On the other hand, the recently discovered effects of NPs on metabolism and energy expenditure raise the possibility that NP deficiency may directly contribute to the development and worsening of obesity and dysmetabolism. Indeed, in obese and insulin-resistant subjects, reduced ANP and BNP levels and upregulation of the clearance NPR-C in the adipose tissue may hamper the ability of the local NP system to enhance lipolysis and energy expenditure (5). In keeping with this hypothesis, targeted deletion of the NPR-C gene in rodents results in a lean phenotype, transgenic BNP mice fed with a high-fat diet are protected from obesity and insulin resistance, and chronic BNP infusion improves the metabolic profile of db/db mice, including a reduction in fat content (32,40,50).

Growing evidence of a role of NPs in obesity and insulin resistance raises the question of whether NP deficiency is implicated in the development of type 2 diabetes (T2D). Recently, two large and well-designed prospective studies have substantiated this hypothesis. In the Malmö Diet and Cancer Study (6), MR-ANP and NT-proBNP levels were measured in 1,828 nondiabetic individuals who subsequently underwent a 16-year follow-up exam, including an oral glucose tolerance test. Results showed that low MR-ANP plasma levels predict development of future diabetes. After full adjustment, the odds ratio for incident diabetes in the bottom compared with the top quartile of MR-ANP was 1.65 (95% CI 1.08–2.51), independent of confounders. An inverse, but not statistically significant, association was found between NT-proBNP and diabetes risk. In the same cohort, the variant rs5068 within the ANP gene, which results in enhanced plasma ANP levels, was associated with a 12% reduced adjusted-risk of incident diabetes (61). Furthermore, other studies have reported that the rs5068 variant is associated with lower BMI, waist circumference, and prevalence of obesity and MetS (62,63).

In the longitudinal Atherosclerosis Risk in Communities Study (ARIC) (7), which examined 7,822 nondiabetic individuals, with respect to NT-proBNP values in the highest quartile (>114 pg/mL), values in the lowest quartile (<31 pg/mL) were associated with higher risk of incident diabetes over a 12-year follow-up period, independent of confounders and risk factors (hazard ratio 0.75 [95% CI 0.64–0.87]). A significant linear trend across quartiles also was evident, even after stratification by BMI (7). Furthermore, a common genetic BNP variant (rs198389), which results in a 20% increase in plasma BNP levels, was found to be associated with a 15% reduced risk of T2D (64). See Table 1 for a summary of human studies (6,7,61,64,65).

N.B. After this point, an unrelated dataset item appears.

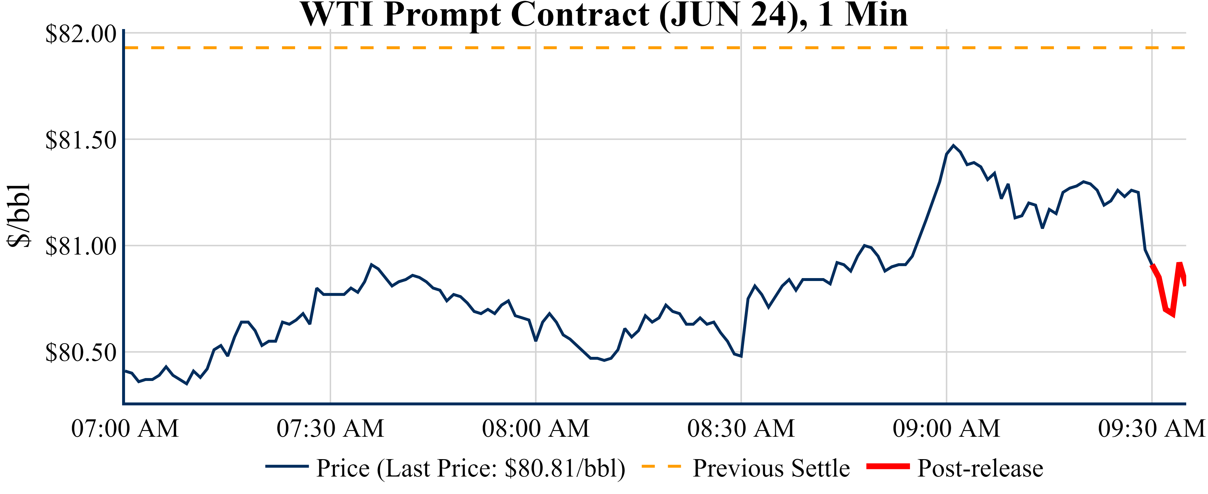 Prices were down in the five minutes following the announcement, to $80.81 from $80.91 just before 09:30 AM.

Insight on the mechanisms whereby NP deficiency may enhance diabetes risk is still insufficient. In the Malmö and ARIC studies, the prospective relationship between MR-ANP and NT-proBNP and diabetes remained significant after adjustment for insulin resistance, indicating that alternative mechanisms, such as NPR-A–induced energy expenditure, adiponectin secretion, and improved β-cell function, may be involved (Fig. 3). Regardless of the mechanism, the evidence that low NP levels are implicated in the development of diabetes together with the well-established role of low NPs in hypertension and CVD suggests that NP deficiency may be a link between the relevant clinical problem of shared propensity to diabetes, hypertension, and CVD. Moreover, it suggests that NT-proBNP and MR-ANP may be used as biomarker for diabetes prediction. Further studies are, however, required to establish clinical relevance.

Both BNP and NT-proBNP are well-established diagnostic and prognostic biomarkers of HF in both diabetic and nondiabetic subjects (16). Although BNP and NT-proBNP levels appear elevated in patients with HF, the fraction of active BNP is relatively small. Current assays cross-react with poorly active BNP-related peptides (proBNP, BNP3–32, junk-BNP) (Fig. 2), whose levels are increased in HF, and they thus overestimate plasma and serum BNP and NT-proBNP values (25). Altered cardiac processing of proBNP to BNP is a likely explanation for the rise in circulating proBNP levels in HF. Notably, a recent study in humans has shown that cardiac proBNP release was greater in patients with HF and that the only variable positively associated with enhanced proBNP secretion was diabetes (14). This suggests that HF, particularly in diabetes, affects either the expression and activity of proBNP cleaving enzymes or proBNP glycosylation, a modification that changes proBNP susceptibility to cleavage by furin, particularly when it occurs at Thr71 (25). On the other hand, studies in db/db mice suggest that both enhanced BNP3–32 formation and resistance to mechanisms of proBNP clearance from the circulation also may contribute to increase circulating BNP immunoreactivity in diabetes (50).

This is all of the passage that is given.